With a new political cycle about to begin, many analysts question how long the period of economic stability in Portugal will last after Sunday's elections.
In the international press, Portugal is generally described as a success story in the eurozone after taking deep austerity measures to recover from the sovereign debt crisis, with above-average growth rates recorded over the past two years. However, its recent economic conquest is largely due to high levels of exports, which may change due to the high rates imposed by the US on the European Union this week.
CNBC made an analysis of economic growth in Portugal, two days before the Portuguese went to the polls. Ana Andrade, Economist Intelligence Unit analyst, was one of the interviewees on this analysis and said that “Portugal is more exposed [ao comércio global] than before the crisis. The share of exports has increased. Portugal is [agora] more integrated into the global trading system, ”he said.
In 2010, a year before applying for financial assistance from the International Monetary Fund (IMF) and the EU, Portugal, it exported around 37.3 billion euros. Since then, exports have increased almost every year, reaching about 58 billion euros in 2018, according to preliminary data. Portuguese exports accounted for more than 40% of the country's growth rate in 2018, compared with almost 30% in 2010, according to CNBC.
"While the Portuguese economy is projected to grow faster than the eurozone, a stronger than expected global and European recession will expose the persistent underlying macroeconomic imbalances," said Michiel van der Veen, economist at RaboResearch. Forecasts point to a growth rate of 1.7% in 2019 and 1.2% in 2020, as Portugal grew 2.8% in 2017 and 2.1% in 2018.
Sunday elections may change stability scenario
On Sunday the Portuguese are called to the polls to vote for the next government and prime minister. Surveys indicate unequivocally that António Costa's PS will be reelected, but the real question is whether reelection will be with an absolute majority or not.
"It will depend on the type of government that is formed, but I would expect a substantial degree of political continuity in the absence of economic shocks," Antonio Barroso, director of the Teneo research firm, told CNBC when asked what influence PS might have on growth. economic.
“Antonio Costa, the socialist leader and current prime minister, has promised to continue reducing the country's public debt.
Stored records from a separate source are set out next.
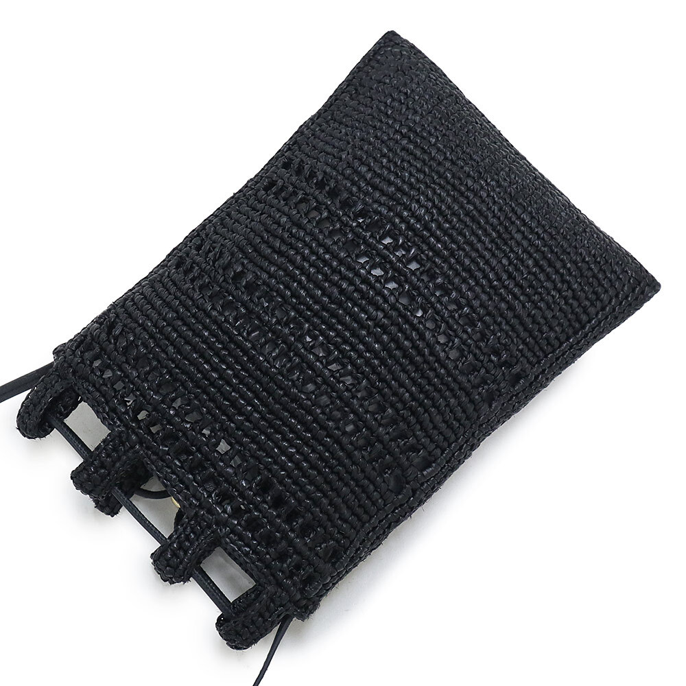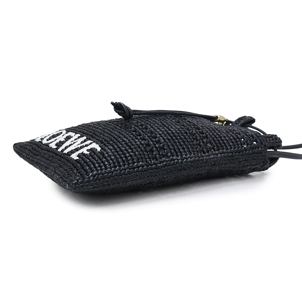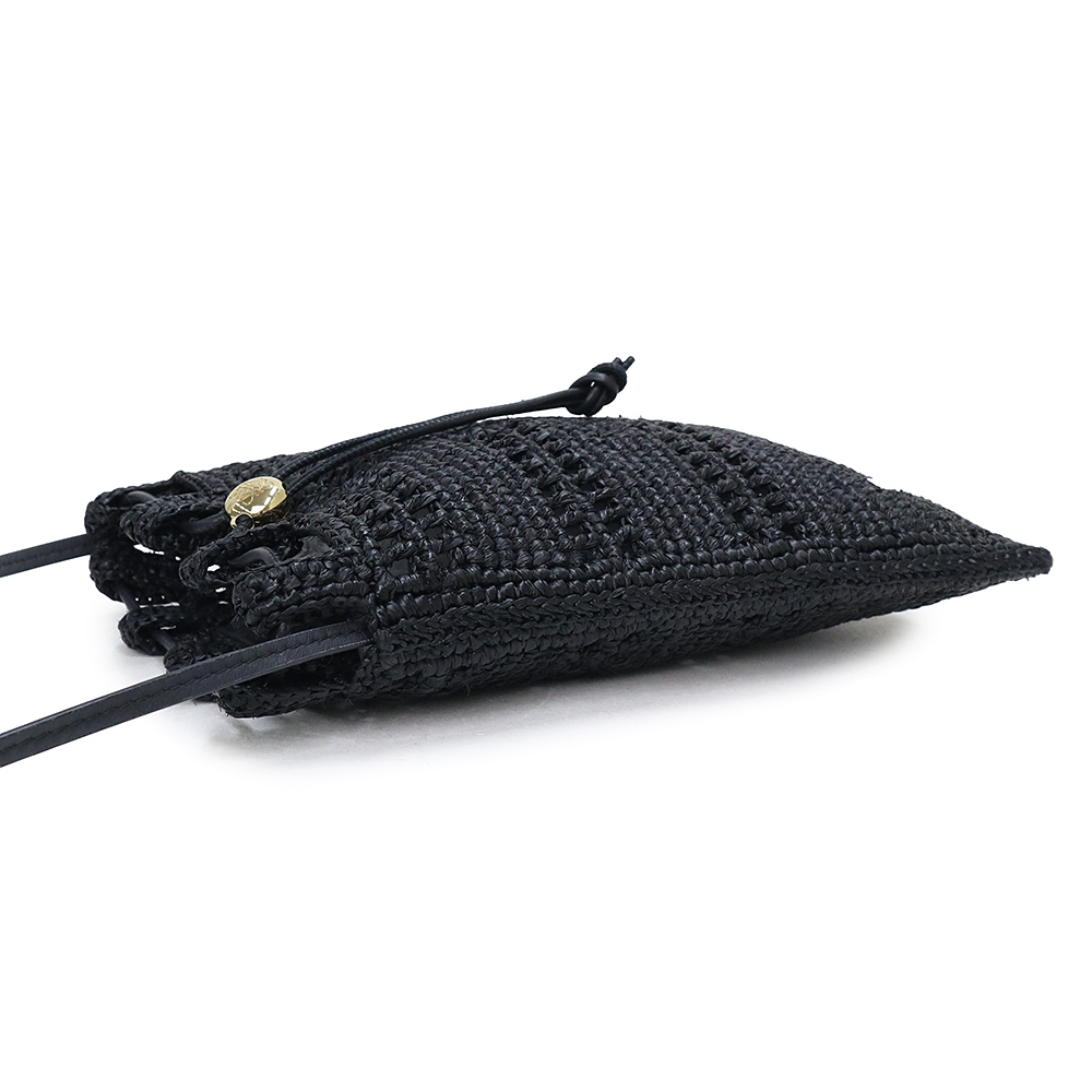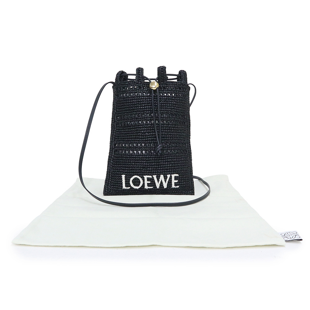 (未使用 展示品)ロエベ LOEWE ドローストリング ポケット ショルダーバッグ 斜め掛け ラフィア ブラック ゴールド金具 C756PHPX05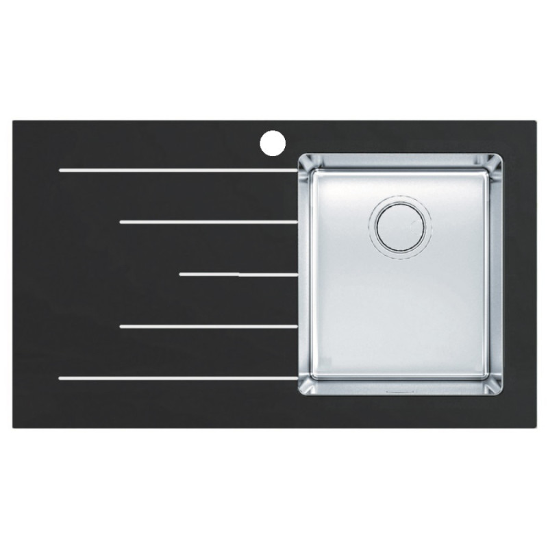 Кухонная мойка прямоугольная фронтальная часть черное стекло pop-up механизм Apell Pura LEFT нержавеющая сталь Brushed PU861ILBC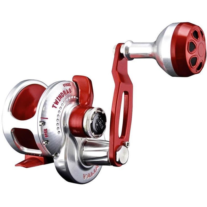 Los Valiant son carretes ligeros, muy cómodos para pescar todo el día, pero que siguen siendo potentes, con un freno mínimo de 10 lb para el más pequeño carrete. Salvo pedido especial, este carrete se vende con un manivela a la izquierda.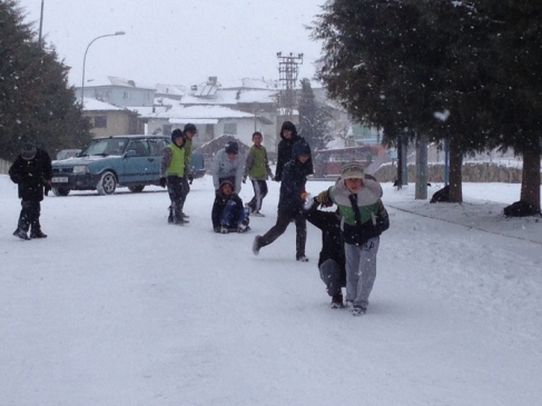 Son kar yağışı ile birlikte bembeyaz örtüye bürünen Pazarlar İlçesinde kar, çocuklar için tam bir eğlence oldu.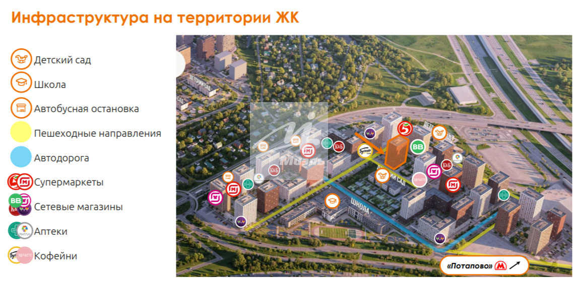 - Сквозной пешеходный бульвар от края до края ЖК, с лавочками, озеленением, отдельной велодорожкой и прогулочной зоной;
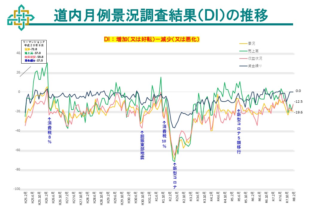 ※DI値とは、各項目について、調査月と前年同月を比較し、増加(または好転)したという回答から、減少(または悪化)したという回答を差し引いた値のこと。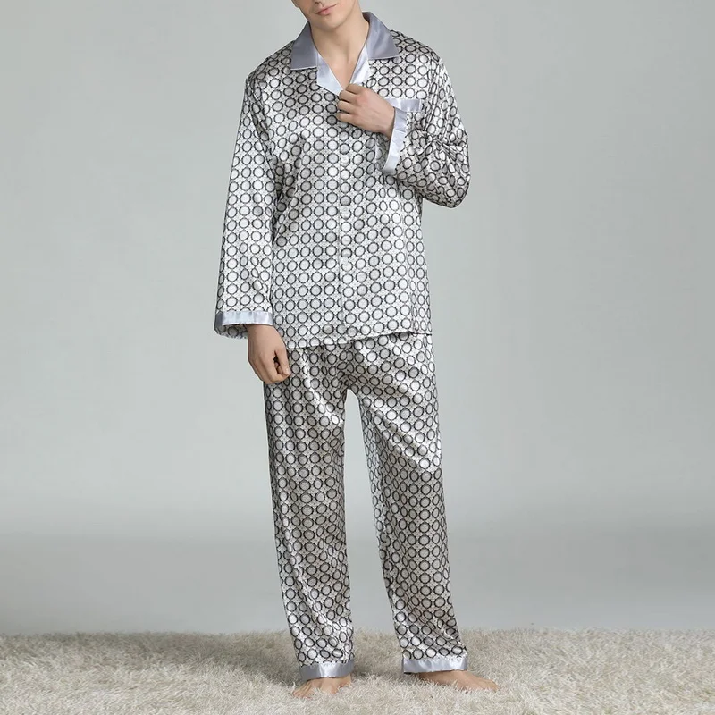 Пижамный комплект Мужской Шелковый атласный, одежда для сна, шелков...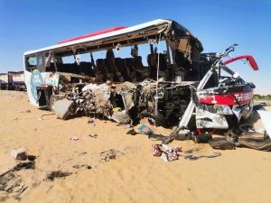 النيابة العامة تحقق في حادث تصادم حافلة بسيارة نقل بالوادي الجديد .. صور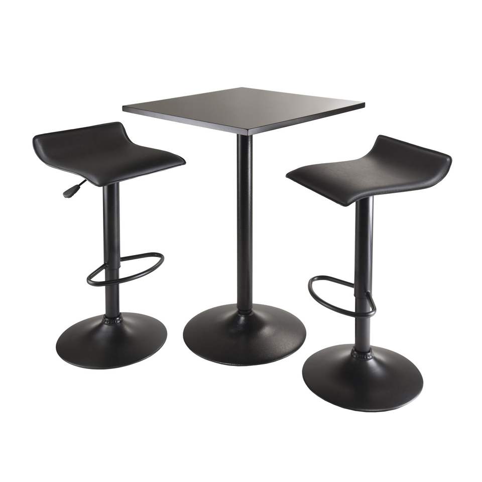 Juego de Mesa Obsidian de 3 Piezas, Mesa Cuadrada a la Altura de Barra con 2 Sillas de Bar Negras con Elevación Neumática
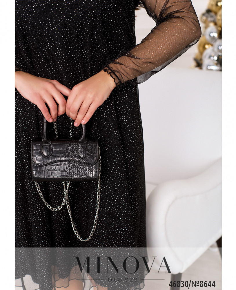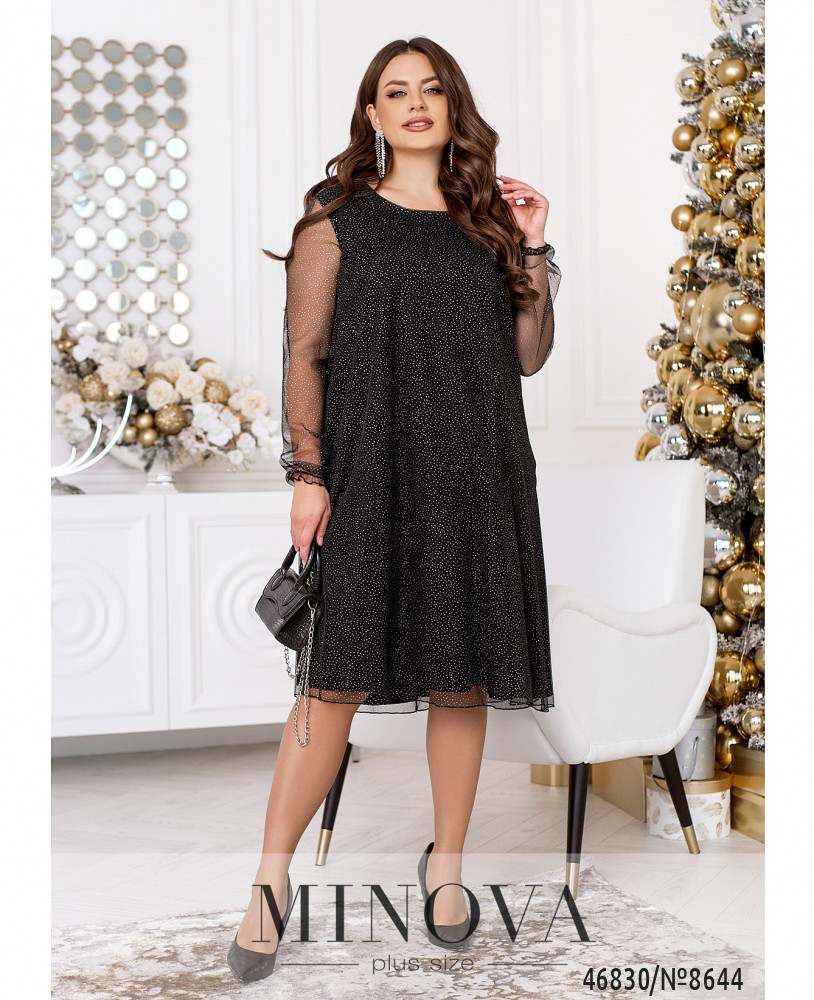 Воздушное двуслойное платье, выполненное из мерцающей ткани, сделает вас королевой любой вечеринки. Модель без застежек дополнена длинными полупрозрачными рукавами с резинками вместо манжет.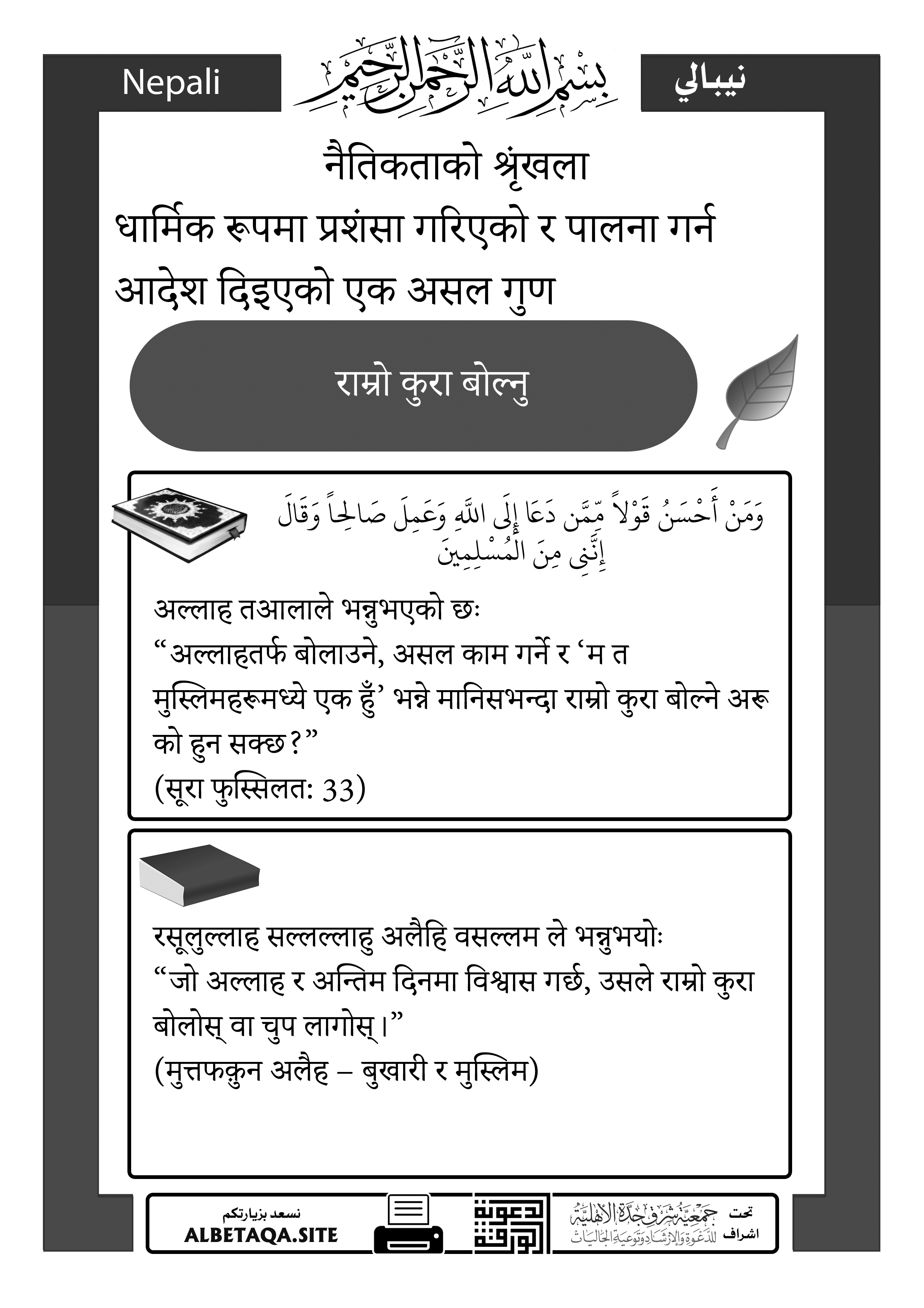 “अल्लाहतर्फ बोलाउने, असल काम गर्ने र ‘म त मुस्लिमहरूमध्ये एक हुँ’ भन्ने मानिसभन्दा राम्रो कुरा बोल्ने अरू को हुन सक्छ?”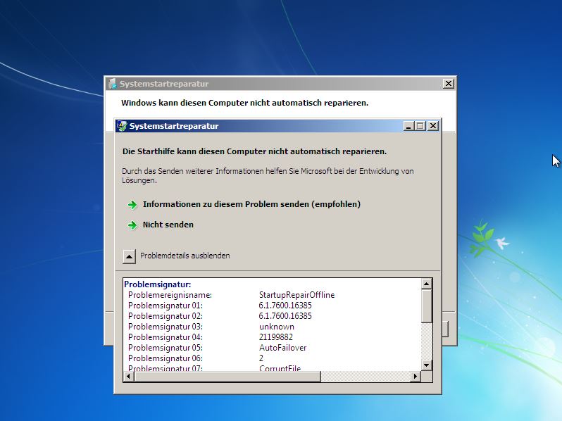 Es wird eine neue virtuelle Maschine mit Windows 7 Professional x64 inkl. SP1 mit SATA als Festplattenschnittstelle installiert. Nach erfolgreicher Installation wurden Microsoft Updates installiert. Nach dem Neustart bootet Windows nicht mehr bzw. bootet direkt in die Systemstartreparatur.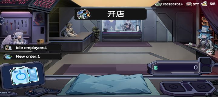 员工总计六人,技能上有差异化,上阵槽位有四个,需解锁后使用。每位上阵员工都要付工资,在仓库内可以使用技能改变物品随机词条属性,且有成功概率,很拼人品。技能有CD时间限制,员工操作过程中物品不会被售卖。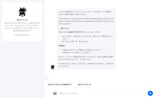 10月1日から、ごみ出しに関するお問い合わせにAIで回答するサービスを開始しました。電話の場合は夜間や休日等、対応が難しいこともございますので、このような便利なAIサービス機能もご利用いただき、住民の皆様の疑問を解決できたらと思います。ご活用よろしくお願いします。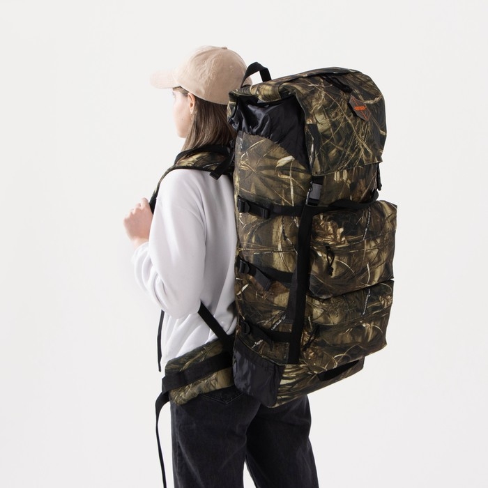 Рюкзак туристический, 80 л, отдел на молнии, 3 наружных кармана, Huntsman, цвет хаки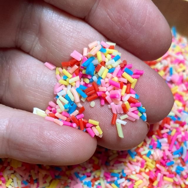 These are earrings made of toy sprinkles with a matt finish.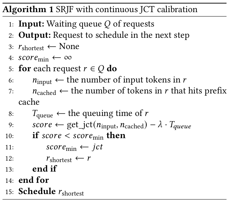 위 알고리즘에 9번 라인에서 값을 JCT에서 빼주는 구간이 있는데, 이는 SRJF가 가지는 starvation 문제를 해결하기 위해 어드밴티지를 주는 과정이다. 는 요청에 대한 큐에서 대기한 시간을 의미한다. 즉, 큐에서 오래 기다린 요청일수록 더 많은 어드밴티지를 얻게 되어 다음 요청으로 선정 될 가능성이 커진다. 값은 특정한 하이퍼파라미터 값으로, 이를 너무 높이게 되면 요청에 대한 지연 시간이 개선되지만 평균 지연 시간은 악화될 수 있다.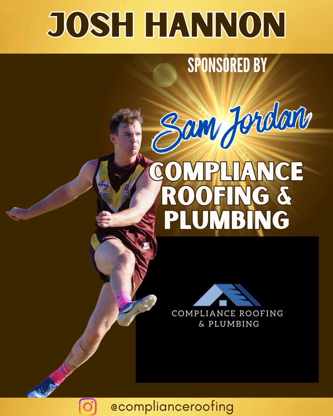 We are excited to welcome Sam Jordan and the team at Compliance Roofing & Plumbing as a new Player Sponsor for the big man himself, Josh Hannon!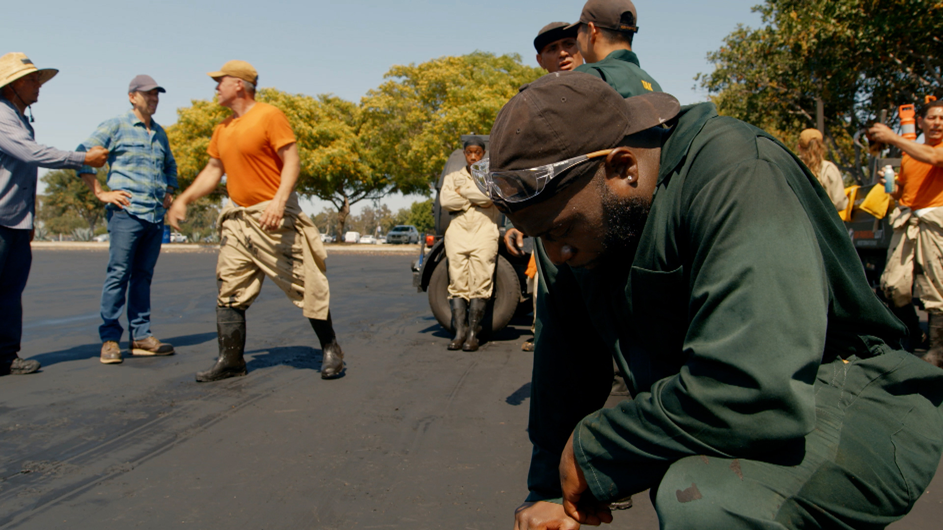 Savage Crew and Dirty Hands "pound the pavement" in the team competition where they must reseal a massive parking lot.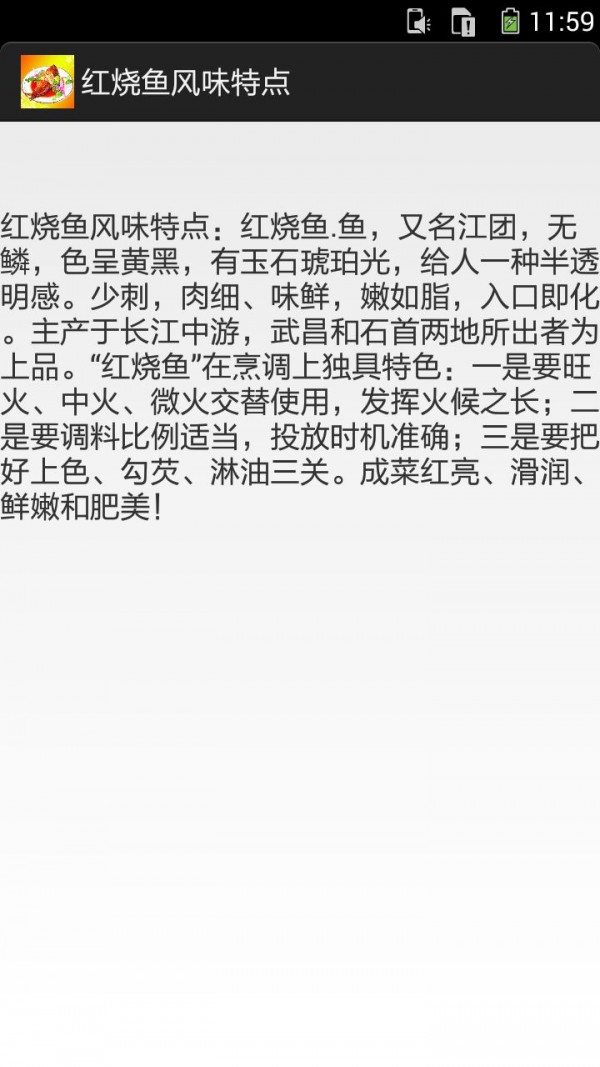 红烧鱼APP手机应用内容介绍:你可以通过手机应用查阅到红烧鱼风味特点、红烧鱼相关传说、红烧鱼做法。红烧鱼相关传说:传说鱼原是天上监管鱼族的神灵,因同情神鱼私自下凡,被玉皇大帝压在武昌黄鹤楼下的长江中,以巨石镇之,以化石为食。不知经过了多少年,有一天,黄鹤翩翩戏掠江面,听得江中有呼救之声,黄鹤随声潜......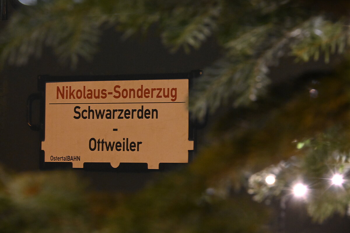 Sonntag, 7. Dezember (2. Advent) | Fahrt von Ottweiler nach Schwarzerden und zurück ohne Aufenthalt unterwegs. Der Zug startet in Ottweiler so, dass der Nikolaus in der Dämmerung bei Fackelschein auf freier Strecke zum Zug kommt. Fahrpreise: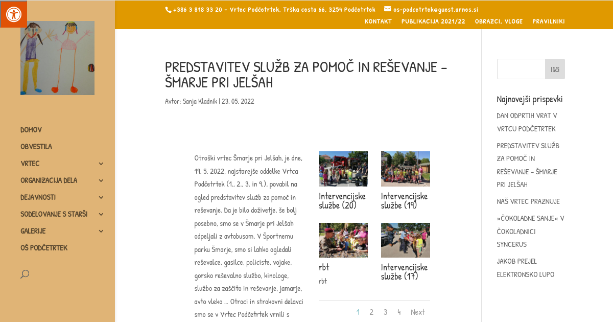 Otroški vrtec Šmarje pri Jelšah, je dne, 19. 5. 2022, najstarejše oddelke Vrtca Podčetrtek (1., 2., 3. in 9.), povabil na ogled predstavitev služb za pomoč in reševanje. Da je bilo doživetje, še bolj posebno, smo se v Šmarje pri Jelšah odpeljali z avtobusom. V Športnemu parku Šmarje, smo si lahko ogledali reševalce, gasilce, policiste, vojake, gorsko reševalno službo, kinologe, službo za zaščito in reševanje, jamarje, avto vleko … Otroci in strokovni delavci smo se v Vrtec Podčetrtek vrnili s spomini zanimivih doživetij in novim znanjem, o različnih službah za pomoč in reševanje.

It grew substantially after the debt crisis, which peaked at 130% of GDP (gross domestic product) in 2014, ”says CNBC. "Costa's program says the goal is to bring the current 120 percent of debt to GDP closer to 100 percent of GDP by the end of the next term in 2023."
"To meet fiscal targets, Costa will depend on continued economic growth," van der Veen of RaboResearch told the news site. "However, economic growth may have difficulty keeping pace as the US-China trade war is in full swing and the euro area economy slows down," he explained.